(Source data)
-=-=-

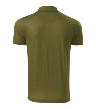 střih s bočními švy, límeček s kontrastním proužkem z žebrového úpletu 1:1, léga s 3 knoflíčky v barvě materiálu, rozparky v bočních švech s kontrastní páskou, vnitřní průkrčník začištěn kontrastní páskou, zpevnění ramenních švů páskou, bavlna zušlechtěna mercerací
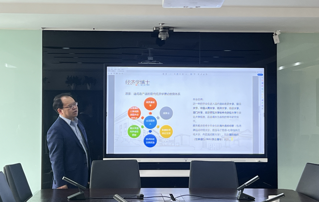 黄卓对国发院当前党的建设、教学项目、学生工作等进行了整体介绍,包括党建对学院人才培养等各项工作引领,打造“学术下午茶”“青年师说”“村长工作坊”等品牌平台,扎实开展扶贫、公益等项目,不断增强党建工作凝聚力;开展各个层级教学项目,加强校外经济学辅修项目的招生、培养等。学院旨在建成最严谨的现代经济学理论教育体系,培养以经济学为基础的博雅人才和“厚基础、宽口径、高素质”、富有创新精神、跨学科优势的新型人才。他特别提到,国发院的培养方案赋予学生较大的学术自由,鼓励学生多元发展,尽早找到自己的赛道。
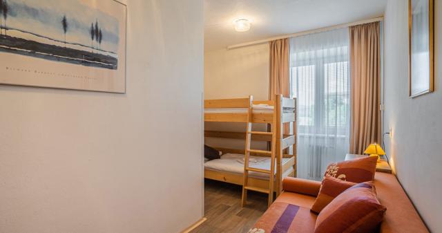 #Family 2+3: 27 m² - pokoj s manželskou postelí či 2 samostatnými lůžky, s možností přistýlky formou rozkládacího gauče pro 1 dítě do 12 let a dále palanda pro až 2 děti do 12 let, sociální zařízení
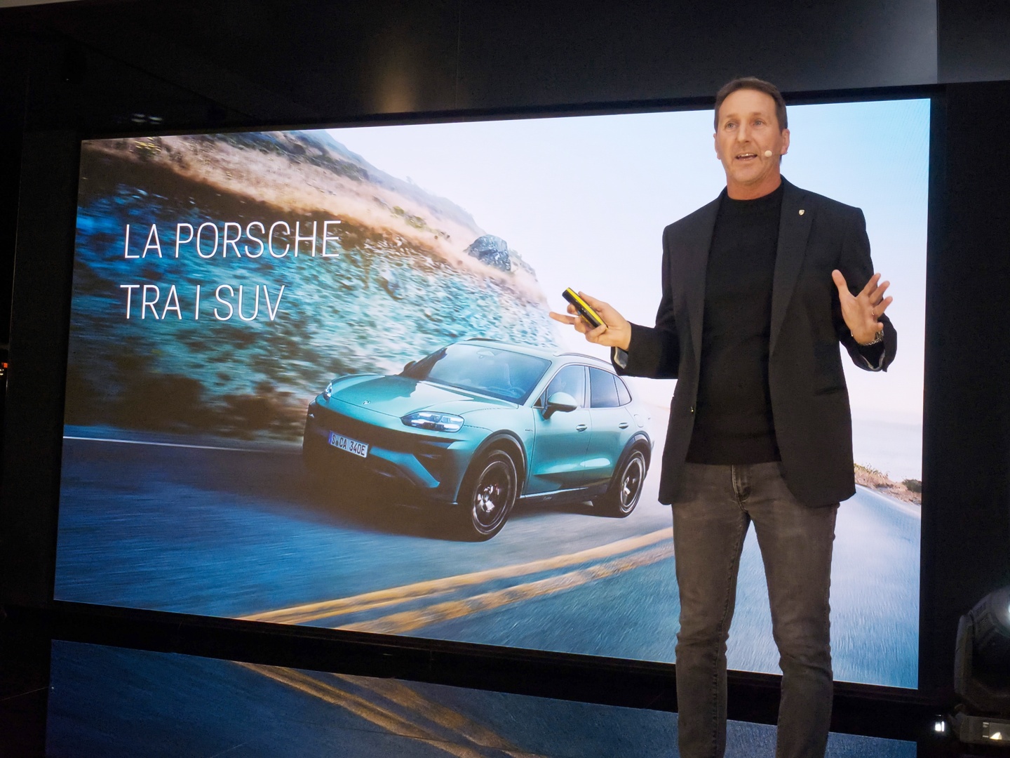 La preview di Cayenne elettrica è stata presentata da Max Busnelli, ex pilota e istruttore di casa Porsche che ne ha illustrato dettagli e punti di forza. A fare gli onori di casa Roberto Mancini, Brand manager del Centro Porsche Bergamo e il Direttore generale di Eurocar Bergamo (il nuovo nome che la concessionaria Bonaldi ha assunto da quest’anno) Gianmaria Berziga che ha ringraziato i bergamaschi intervenuti alla serata e ha invitato gli amanti del marchio e agli aspiranti tali, di venire a visitare il rinnovato Centro Porsche Bergamo che ha aperto le sue porte con nuovi eleganti spazi lo scorso ottobre 2024. «Tra le novità del centro i nuovi spazi riservati all’usato Porsche approved dove sono esposte le vetture che hanno superato con successo i 111 controlli del rigoroso protocollo Porsche. Oltre a questa novità i clienti possono godere dei servizi offerti dall’officina Service ufficiale Porsche più grande, più organizzata e con la precisione e puntualità garantite dal marchio tedesco».
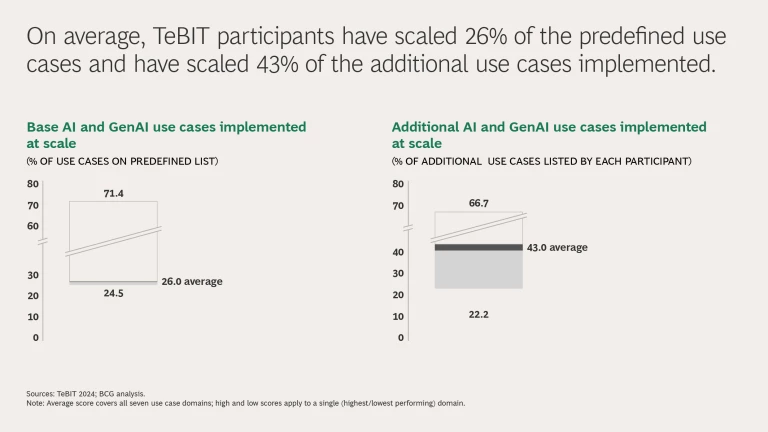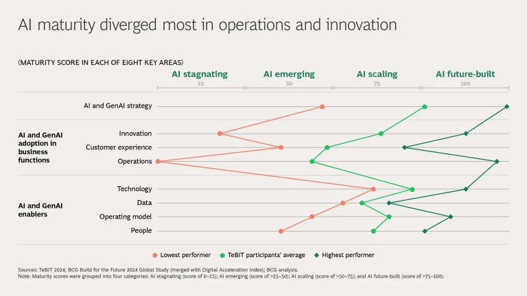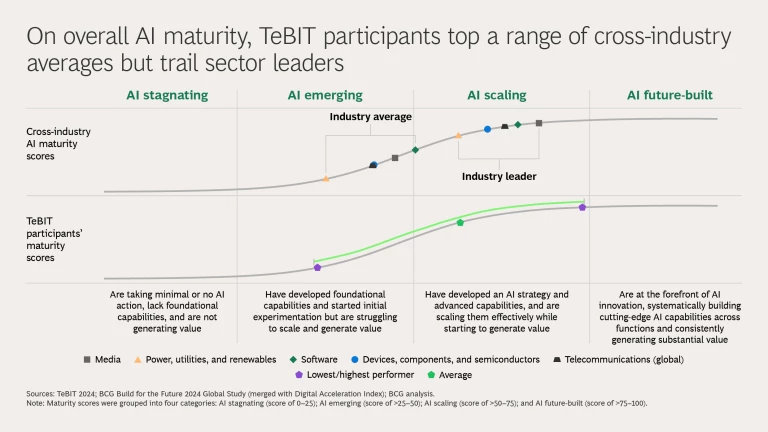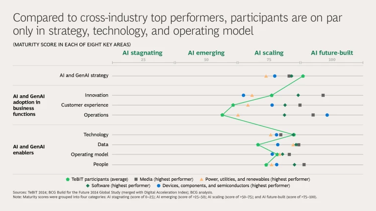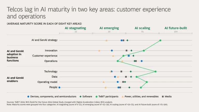 So how, exactly, are telcos positioned on the technology? The TeBIT survey asked respondents to rate their maturity on two dozen capabilities relevant to AI and GenAI. These capabilities covered eight areas: strategy, innovation, customer experience, operations, technology, data, operating model, and people. In preparing an October 2024 report on AI, BCG asked these same questions of companies across industries. The results from that study enabled us to see where TeBIT participants sit on a cross-industry spectrum.
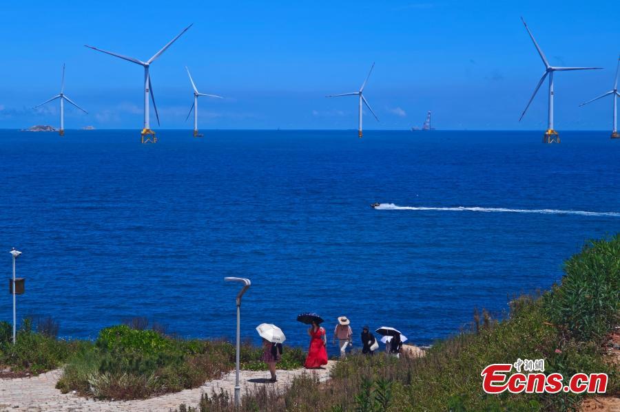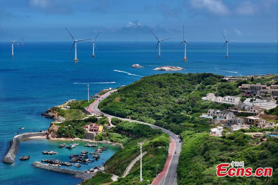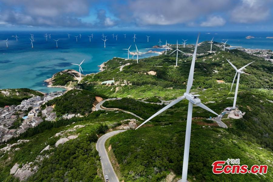 Aerial photo taken on Aug. 25, 2025 shows the wind farm on Pingtan Island in southeast China’s Fujian Province. (Photo: China News Service/Wang Dongming)
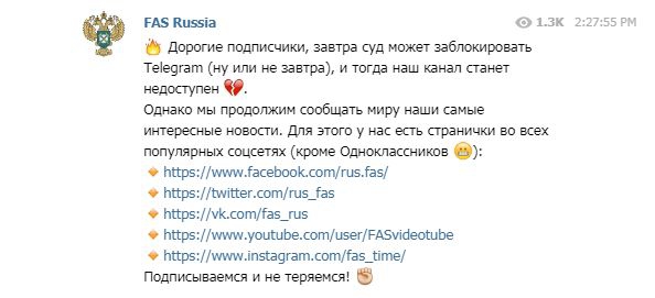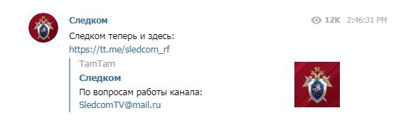 Федеральная антимонопольная служба (ФАС) России призвала подписчиков «подписываться и не теряться» на странички в Facebook, Twitter и «ВКонтакте». Следственный комитет России (СКР) анонсировал запуск канала в мессенджере «ТамТам», принадлежащего Mail.Ru Group.
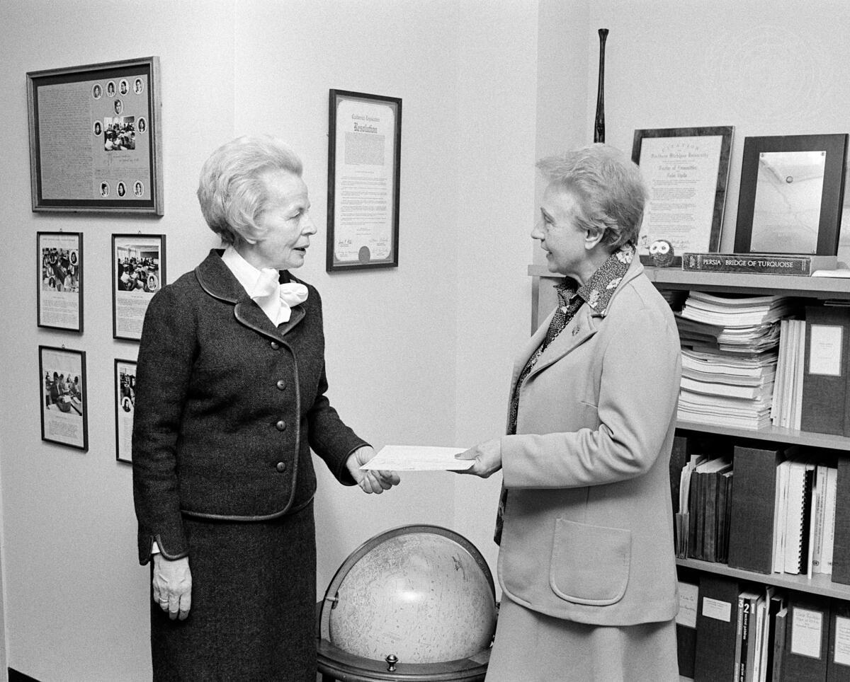 Ms. Doris Vaughn (right) , Representative of Zonta International at the UN, presenting to Mrs. Helvi Sipila, Assistant Secretary-General for Social Development and Humanitarian Affairs, a cheque for $500 for the UN Decade for Women. Zonta International, an organization of executive and professional women, is the first NGO to contribute to the voluntary fund for the UN Decade of Women.

-=-=-

» **Brief**
Repeat exactly the lines from the first line of the records above through the line containing "#Family 2+3: 27", leaving out the pictures.

» **Exercise answer**
 střih s bočními švy, límeček s kontrastním proužkem z žebrového úpletu 1:1, léga s 3 knoflíčky v barvě materiálu, rozparky v bočních švech s kontrastní páskou, vnitřní průkrčník začištěn kontrastní páskou, zpevnění ramenních švů páskou, bavlna zušlechtěna mercerací
 黄卓对国发院当前党的建设、教学项目、学生工作等进行了整体介绍,包括党建对学院人才培养等各项工作引领,打造“学术下午茶”“青年师说”“村长工作坊”等品牌平台,扎实开展扶贫、公益等项目,不断增强党建工作凝聚力;开展各个层级教学项目,加强校外经济学辅修项目的招生、培养等。学院旨在建成最严谨的现代经济学理论教育体系,培养以经济学为基础的博雅人才和“厚基础、宽口径、高素质”、富有创新精神、跨学科优势的新型人才。他特别提到,国发院的培养方案赋予学生较大的学术自由,鼓励学生多元发展,尽早找到自己的赛道。
 #Family 2+3: 27 m² - pokoj s manželskou postelí či 2 samostatnými lůžky, s možností přistýlky formou rozkládacího gauče pro 1 dítě do 12 let a dále palanda pro až 2 děti do 12 let, sociální zařízení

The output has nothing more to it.